Recorded data:
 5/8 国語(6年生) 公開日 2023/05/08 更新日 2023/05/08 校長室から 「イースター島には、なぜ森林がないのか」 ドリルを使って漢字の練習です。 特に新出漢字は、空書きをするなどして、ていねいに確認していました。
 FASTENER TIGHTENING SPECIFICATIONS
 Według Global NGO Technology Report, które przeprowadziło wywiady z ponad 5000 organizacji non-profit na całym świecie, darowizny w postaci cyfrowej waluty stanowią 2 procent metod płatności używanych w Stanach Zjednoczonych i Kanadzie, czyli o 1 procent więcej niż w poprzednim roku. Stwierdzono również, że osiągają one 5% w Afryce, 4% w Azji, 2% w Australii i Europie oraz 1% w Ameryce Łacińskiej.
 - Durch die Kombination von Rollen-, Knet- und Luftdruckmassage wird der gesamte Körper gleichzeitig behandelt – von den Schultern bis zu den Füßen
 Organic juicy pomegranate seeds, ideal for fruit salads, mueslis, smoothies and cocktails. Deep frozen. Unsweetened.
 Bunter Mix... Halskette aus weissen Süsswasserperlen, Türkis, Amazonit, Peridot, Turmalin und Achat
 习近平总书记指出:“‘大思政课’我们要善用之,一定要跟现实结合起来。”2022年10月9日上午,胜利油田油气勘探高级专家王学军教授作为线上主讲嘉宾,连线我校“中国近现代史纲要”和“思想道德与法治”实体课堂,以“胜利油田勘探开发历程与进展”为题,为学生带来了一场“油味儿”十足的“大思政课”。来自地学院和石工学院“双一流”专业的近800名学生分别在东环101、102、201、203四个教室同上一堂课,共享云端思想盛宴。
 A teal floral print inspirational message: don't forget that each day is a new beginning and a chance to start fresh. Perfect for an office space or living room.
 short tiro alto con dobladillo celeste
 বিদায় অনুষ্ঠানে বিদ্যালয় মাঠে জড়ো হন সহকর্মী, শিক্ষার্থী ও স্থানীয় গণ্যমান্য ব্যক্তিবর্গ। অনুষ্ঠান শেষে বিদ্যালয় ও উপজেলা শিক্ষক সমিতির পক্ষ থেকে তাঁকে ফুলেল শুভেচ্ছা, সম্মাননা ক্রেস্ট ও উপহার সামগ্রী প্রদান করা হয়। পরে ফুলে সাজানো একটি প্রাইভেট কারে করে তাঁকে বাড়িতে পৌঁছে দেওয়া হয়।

• **Required action**: From the records above, repeat exactly the lines from the one with "FASTENER TIGHTENING SPECIFICATIONS" through the one with "Według Global NGO", both included.

• **Reply to the task**:
 FASTENER TIGHTENING SPECIFICATIONS
 Według Global NGO Technology Report, które przeprowadziło wywiady z ponad 5000 organizacji non-profit na całym świecie, darowizny w postaci cyfrowej waluty stanowią 2 procent metod płatności używanych w Stanach Zjednoczonych i Kanadzie, czyli o 1 procent więcej niż w poprzednim roku. Stwierdzono również, że osiągają one 5% w Afryce, 4% w Azji, 2% w Australii i Europie oraz 1% w Ameryce Łacińskiej.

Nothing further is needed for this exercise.